Source data:
---
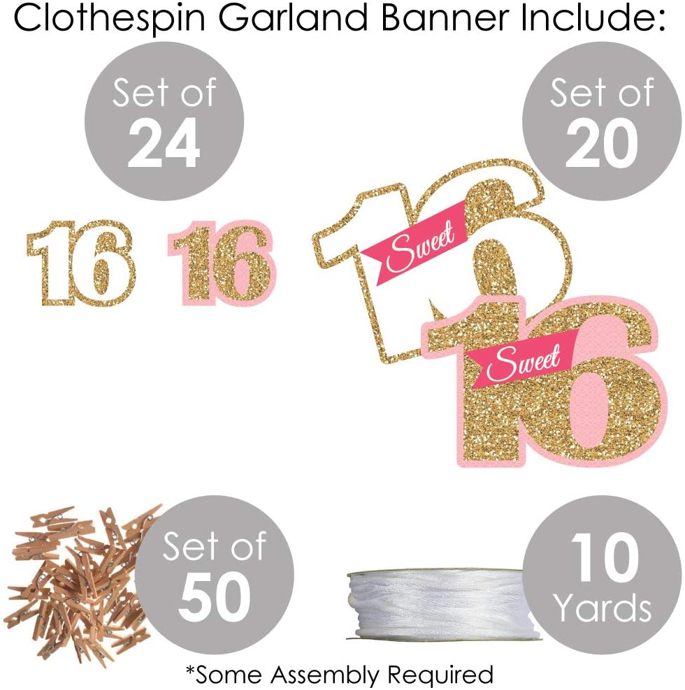 Sweet 16-16th Birthday Party DIY Decorations - Clothespin Garland Banner - 44 Pieces is backordered and will ship as soon as it is back in stock.
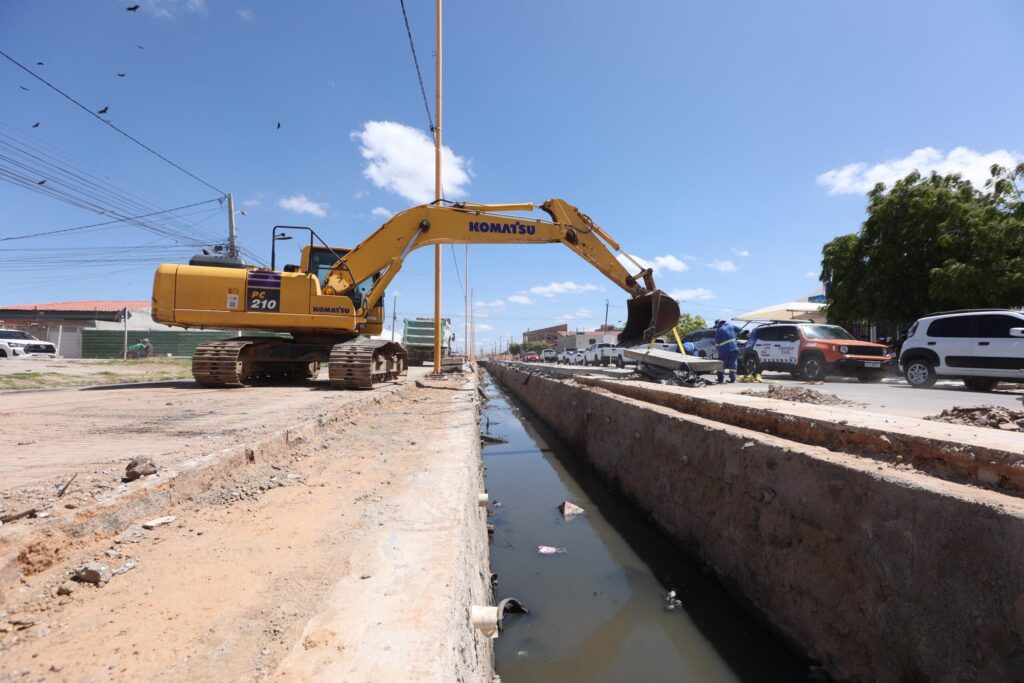 Prefeito André Barreto levou o governador para observar os trabalhos de requelificação ou talvez reconstrução do Canal do Rio Granjeiro, em Crato.
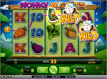 Игровой аппарат блещет весельем, безумным азартом и дикими идеями, что подтверждают символы игры: морковка, помидор, кукуруза, брокколи и баклажан. Также на игровом полотне появляется сумасшедший кролик, который поедает любимые овощные вкусняхи. А что вытворяет Вайлд – просто немыслимо! Вайлдом стала одноименная иконка, она заменяет недостающие символы, чтобы создать новую призовую комбинацию. Как только один Дикарь выпал на полотне, он создает аналогичный второй рисунок, но именно в том месте, где он сможет принести игрокам максимальную прибыль, заменяя любой другой.
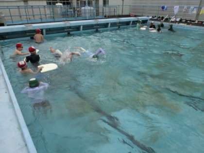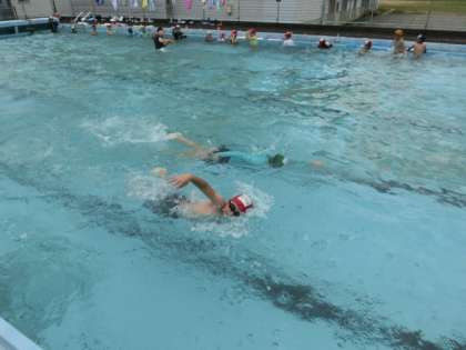 3・4年生が、比較的涼しい1限、プールに入りました。グループに分けて、初心者は壁でバタ足、泳げる子はビート板を使ってストローク練習をしています。ミニ動画→
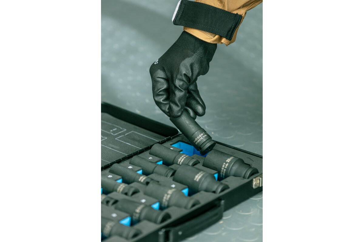 Zestaw nasadek udarowych 1/ 2" składający się z 15 elementów.
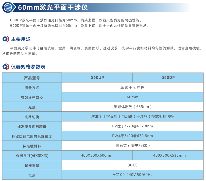 G60DP激光平面干涉仪通光口径为60mm,镜头下置,用于平面元件的低量快速检测。
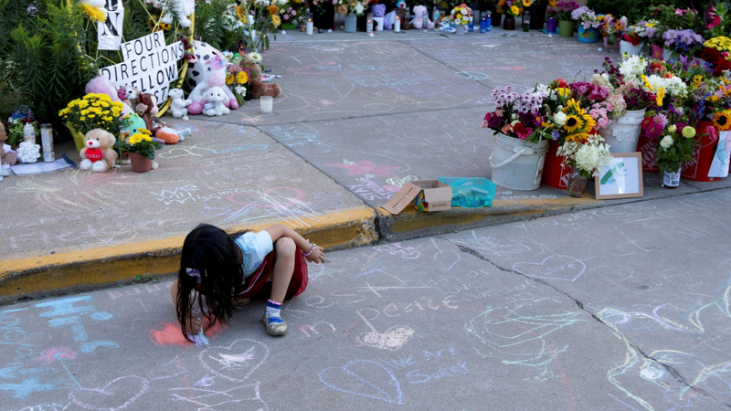 شاركها فيسبوك تويتر لينكدإن بينتيريست تيلقرام البريد الإلكتروني طفلة تكتب رسالة على الأرض باستخدام طباشير خارج كنيسة «البشارة»، في أعقاب إطلاق نار وقع أخيراً بمدرسة الكنيسة في مدينة مينيابوليس بولاية مينيسوتا بالولايات المتحدة الأميركية، وأدى إلى مقتل طفلين في 30 أغسطس الماضي.
---
[WHAT IS NEEDED] Return, exactly as they stand, the lines above from the one with "Игровой аппарат блещет" to the one with "G60DP激光平面干涉仪通光", omitting any pictures among them.

[SOLUTION TO THE PROBLEM]
 Игровой аппарат блещет весельем, безумным азартом и дикими идеями, что подтверждают символы игры: морковка, помидор, кукуруза, брокколи и баклажан. Также на игровом полотне появляется сумасшедший кролик, который поедает любимые овощные вкусняхи. А что вытворяет Вайлд – просто немыслимо! Вайлдом стала одноименная иконка, она заменяет недостающие символы, чтобы создать новую призовую комбинацию. Как только один Дикарь выпал на полотне, он создает аналогичный второй рисунок, но именно в том месте, где он сможет принести игрокам максимальную прибыль, заменяя любой другой.
 3・4年生が、比較的涼しい1限、プールに入りました。グループに分けて、初心者は壁でバタ足、泳げる子はビート板を使ってストローク練習をしています。ミニ動画→
 Zestaw nasadek udarowych 1/ 2" składający się z 15 elementów.
 G60DP激光平面干涉仪通光口径为60mm,镜头下置,用于平面元件的低量快速检测。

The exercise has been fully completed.